The dollar index, which tracks the currency against six peers including yen, euro and sterling, held firm, though moves were subdued, up 0.13% to 104.73, as traders awaited the U.S. consumer price index (CPI) reading for August. The release comes just a week before Federal Reserve officials gather to decide on interest rate policy.
The U.S. consumer price index likely increased by 0.6% last month, according to a Reuters survey of economists. That would be the largest gain since June 2022 and would follow two straight monthly advances of 0.2%.
The Federal Reserve is largely expected to keep rates on hold at next week's meeting, according to CME's FedWatch Tool. The Fed's next move in November remains more uncertain.

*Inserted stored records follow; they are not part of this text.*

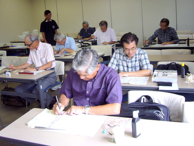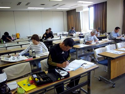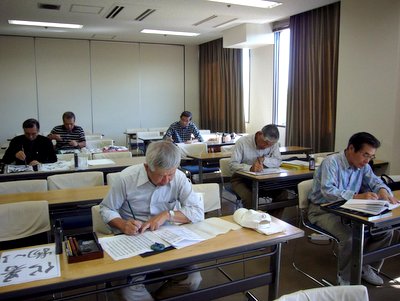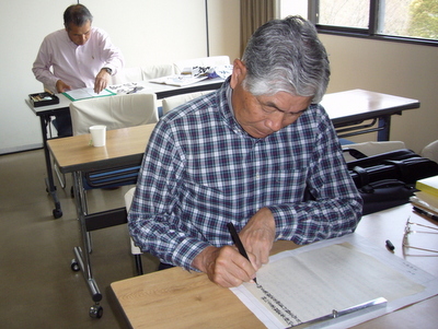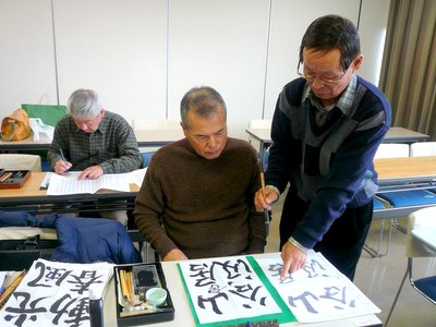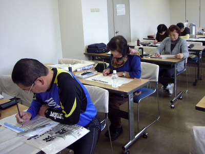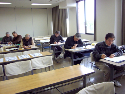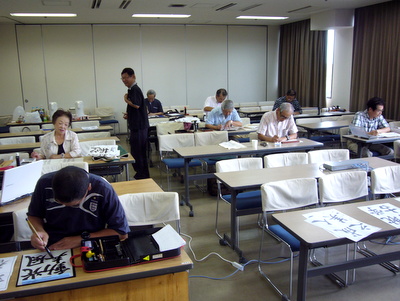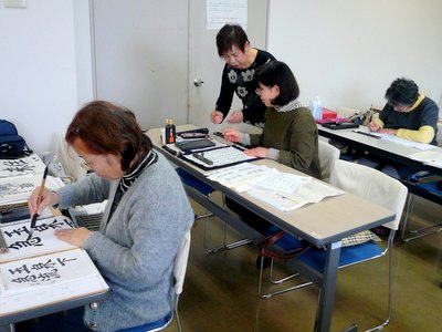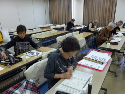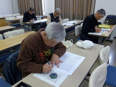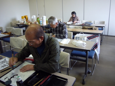 四文字・写経などの手本を教材にし、先生から筆跡や筆運びなどの指導を受け、一枚を仕上げるのに時間が過ぎました。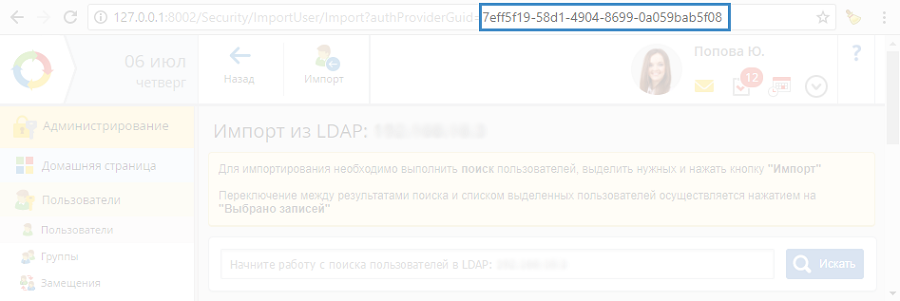 2. Раскомментировать строку < add key="SSPI.InstanceUid" value="7EFF5F19-58D1-4904-8699-0A059BAB5F08" />, изменить значение value, указав там локальный номер требуемого модуля авторизации LDAP, и сохранить внесенные изменения. Уникальный номер каждого из модулей авторизации отображается в адресной строке браузера (рис. 12) при переходе на страницу импорта пользователей из модуля (раздел Администрирование – Пользователи).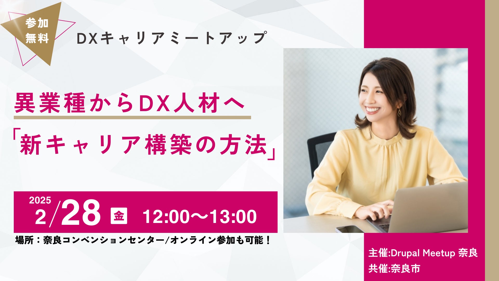 このイベントは様々な理由で働き方や生活スタイルの変化を求められるこの時代に、デジタルトランスフォーメーション(DX)に興味を持って挑戦を考えている方や新たな目標を志す方たちが一堂に会し、DXやDrupalの力でキャリアの可能性を広げるためのミートアップです。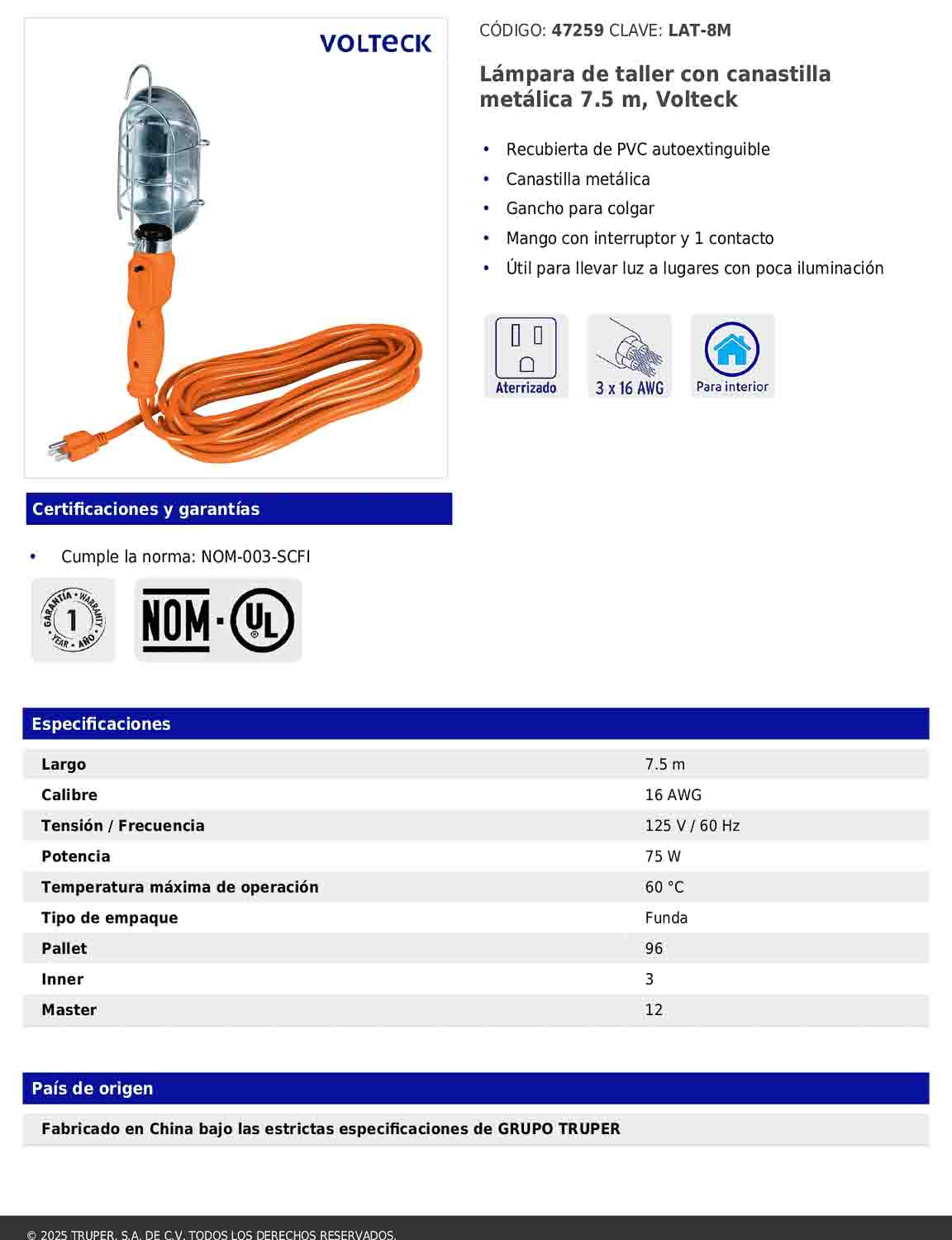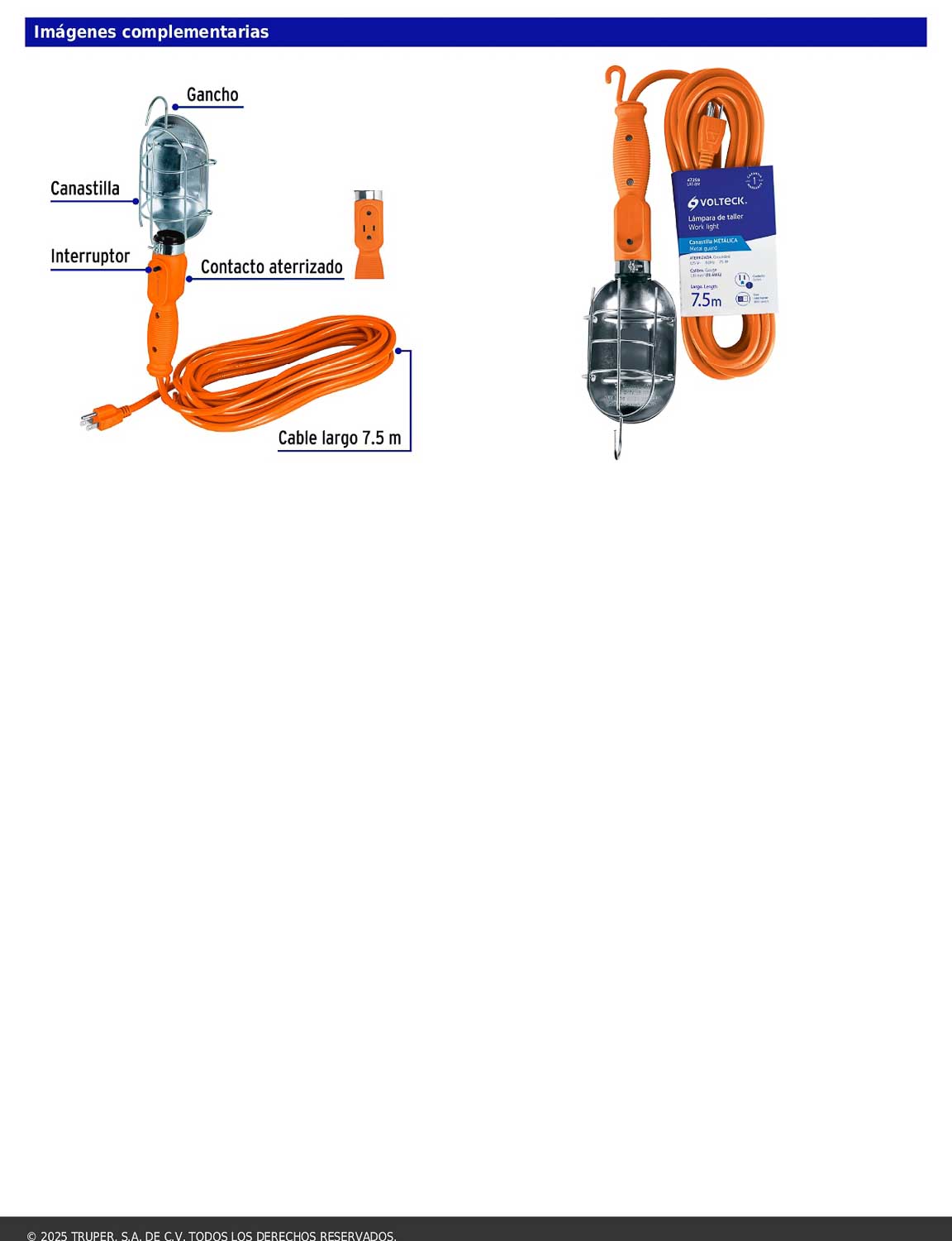 Lámpara portátil diseñada para iluminar zonas con poca visibilidad, equipada con canastilla metálica resistente y gancho para colgar que facilita su uso en áreas de mantenimiento y reparación. Incluye interruptor integrado y contacto aterrizado, además de un cable recubierto de PVC autoextinguible para mayor seguridad.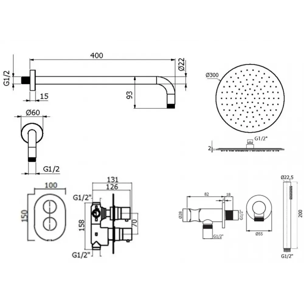 Комплект KITXOT18CR для душа термостатический, со смесителем XOT5040CR на 2 выхода, душ 300мм, IXO, хром Plumberia Selection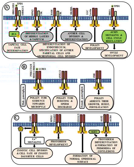 Arabidopsis RLKs in the regulation of growth and development. A few examples of RLKs that regulate (A) anther and ovule development, (B) pollen-pistil interaction, and (C) embryo development.

«Neither the ECB nor the BoE wants to be the first to declare victory on inflation. This responsibility will probably rest on the Fed's shoulders,» said Stephen Gallo, Global FX Strategist at BMO Capital Markets.
This is why Wednesday's U.S. CPI has the potential to be the dominant driver for euro/dollar, he added.
The euro fell 0.2% to $1.0731 as markets raised their bets on further ECB rate hikes despite recent data showing the decline in euro zone business activity accelerated faster than initially thought last month.
Money markets are now pricing in an almost 70% chance of a 25 basis point move this week.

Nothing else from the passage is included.